EXERCISE DESCRIPTION: Omit the images and reproduce the rest of the entries exactly.
GIVEN RECORDS below:
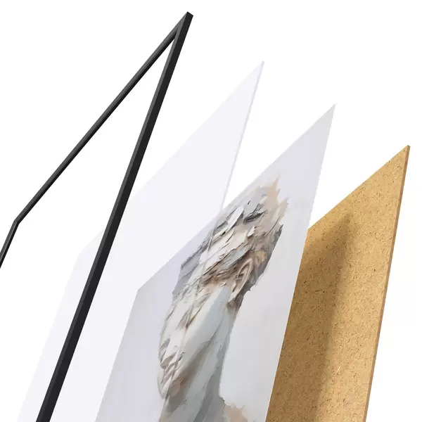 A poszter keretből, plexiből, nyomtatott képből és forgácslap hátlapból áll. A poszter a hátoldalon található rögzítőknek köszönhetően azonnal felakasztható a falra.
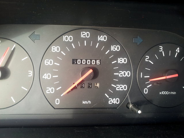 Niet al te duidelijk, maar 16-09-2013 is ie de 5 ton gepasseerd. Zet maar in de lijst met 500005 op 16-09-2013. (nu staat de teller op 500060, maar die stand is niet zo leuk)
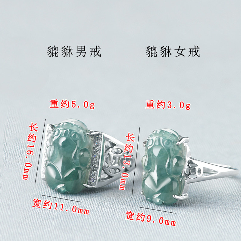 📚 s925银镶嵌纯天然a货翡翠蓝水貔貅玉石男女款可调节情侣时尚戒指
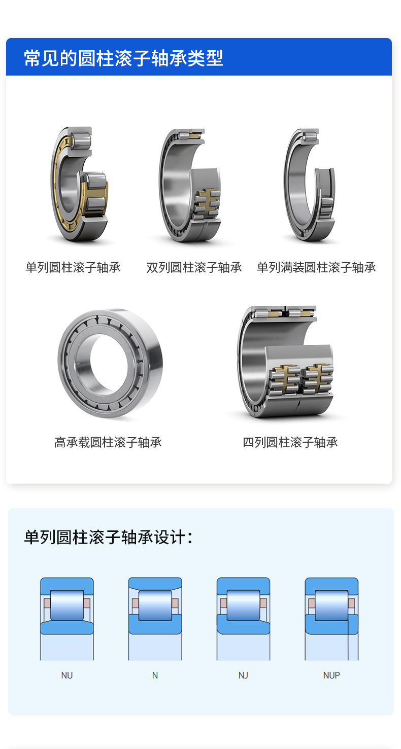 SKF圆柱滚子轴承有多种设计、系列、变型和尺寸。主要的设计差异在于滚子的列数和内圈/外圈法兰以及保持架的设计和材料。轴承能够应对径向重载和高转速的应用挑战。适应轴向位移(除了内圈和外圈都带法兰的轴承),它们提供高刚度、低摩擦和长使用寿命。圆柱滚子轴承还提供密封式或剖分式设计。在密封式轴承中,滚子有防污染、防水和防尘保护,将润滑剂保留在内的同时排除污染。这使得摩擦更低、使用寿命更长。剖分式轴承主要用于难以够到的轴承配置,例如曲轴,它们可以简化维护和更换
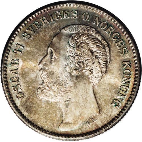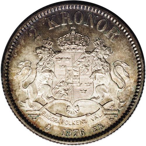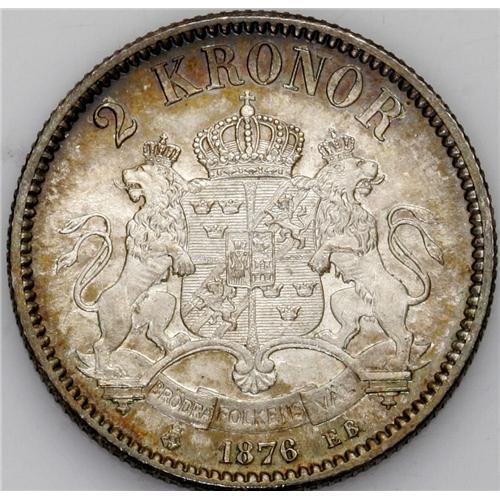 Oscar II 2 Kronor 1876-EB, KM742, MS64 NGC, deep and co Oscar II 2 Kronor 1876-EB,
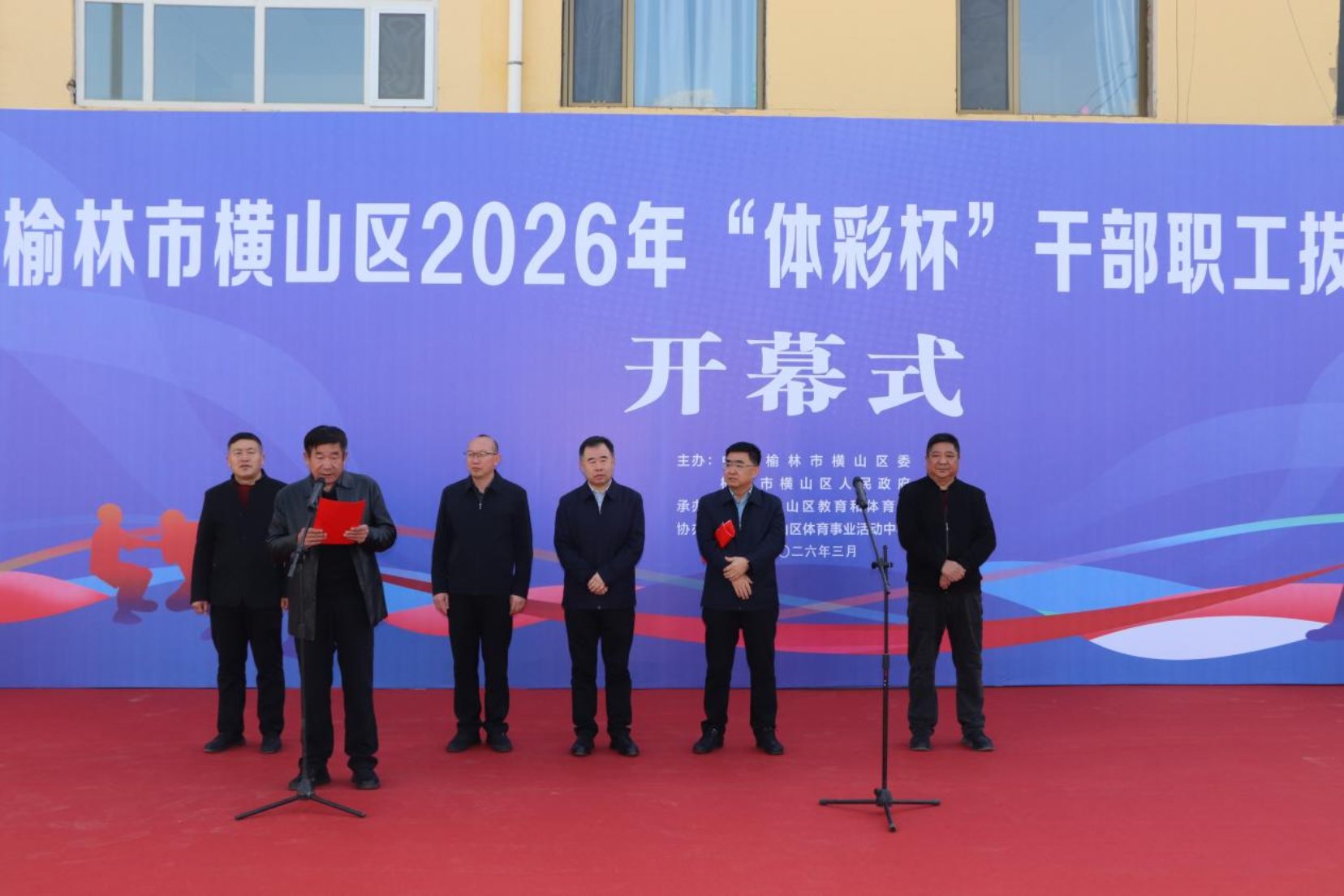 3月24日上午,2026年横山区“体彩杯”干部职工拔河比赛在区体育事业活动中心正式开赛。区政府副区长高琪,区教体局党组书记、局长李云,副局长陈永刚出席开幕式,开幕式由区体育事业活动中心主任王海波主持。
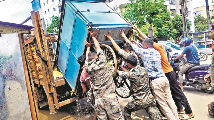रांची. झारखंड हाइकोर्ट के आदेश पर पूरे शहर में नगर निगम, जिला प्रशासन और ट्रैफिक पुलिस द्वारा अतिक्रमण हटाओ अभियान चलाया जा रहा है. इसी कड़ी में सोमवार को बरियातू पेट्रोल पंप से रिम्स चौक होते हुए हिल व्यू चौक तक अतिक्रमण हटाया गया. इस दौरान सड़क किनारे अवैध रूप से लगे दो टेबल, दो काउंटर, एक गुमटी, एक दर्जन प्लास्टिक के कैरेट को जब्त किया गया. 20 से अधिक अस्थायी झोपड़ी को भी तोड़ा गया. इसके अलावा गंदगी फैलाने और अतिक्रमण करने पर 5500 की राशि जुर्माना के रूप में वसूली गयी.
End of GIVEN RECORDS.
EXPECTED ANSWER:
 A poszter keretből, plexiből, nyomtatott képből és forgácslap hátlapból áll. A poszter a hátoldalon található rögzítőknek köszönhetően azonnal felakasztható a falra.
 Niet al te duidelijk, maar 16-09-2013 is ie de 5 ton gepasseerd. Zet maar in de lijst met 500005 op 16-09-2013. (nu staat de teller op 500060, maar die stand is niet zo leuk)
 📚 s925银镶嵌纯天然a货翡翠蓝水貔貅玉石男女款可调节情侣时尚戒指
 SKF圆柱滚子轴承有多种设计、系列、变型和尺寸。主要的设计差异在于滚子的列数和内圈/外圈法兰以及保持架的设计和材料。轴承能够应对径向重载和高转速的应用挑战。适应轴向位移(除了内圈和外圈都带法兰的轴承),它们提供高刚度、低摩擦和长使用寿命。圆柱滚子轴承还提供密封式或剖分式设计。在密封式轴承中,滚子有防污染、防水和防尘保护,将润滑剂保留在内的同时排除污染。这使得摩擦更低、使用寿命更长。剖分式轴承主要用于难以够到的轴承配置,例如曲轴,它们可以简化维护和更换
 Oscar II 2 Kronor 1876-EB, KM742, MS64 NGC, deep and co Oscar II 2 Kronor 1876-EB,
 3月24日上午,2026年横山区“体彩杯”干部职工拔河比赛在区体育事业活动中心正式开赛。区政府副区长高琪,区教体局党组书记、局长李云,副局长陈永刚出席开幕式,开幕式由区体育事业活动中心主任王海波主持。
रांची. झारखंड हाइकोर्ट के आदेश पर पूरे शहर में नगर निगम, जिला प्रशासन और ट्रैफिक पुलिस द्वारा अतिक्रमण हटाओ अभियान चलाया जा रहा है. इसी कड़ी में सोमवार को बरियातू पेट्रोल पंप से रिम्स चौक होते हुए हिल व्यू चौक तक अतिक्रमण हटाया गया. इस दौरान सड़क किनारे अवैध रूप से लगे दो टेबल, दो काउंटर, एक गुमटी, एक दर्जन प्लास्टिक के कैरेट को जब्त किया गया. 20 से अधिक अस्थायी झोपड़ी को भी तोड़ा गया. इसके अलावा गंदगी फैलाने और अतिक्रमण करने पर 5500 की राशि जुर्माना के रूप में वसूली गयी.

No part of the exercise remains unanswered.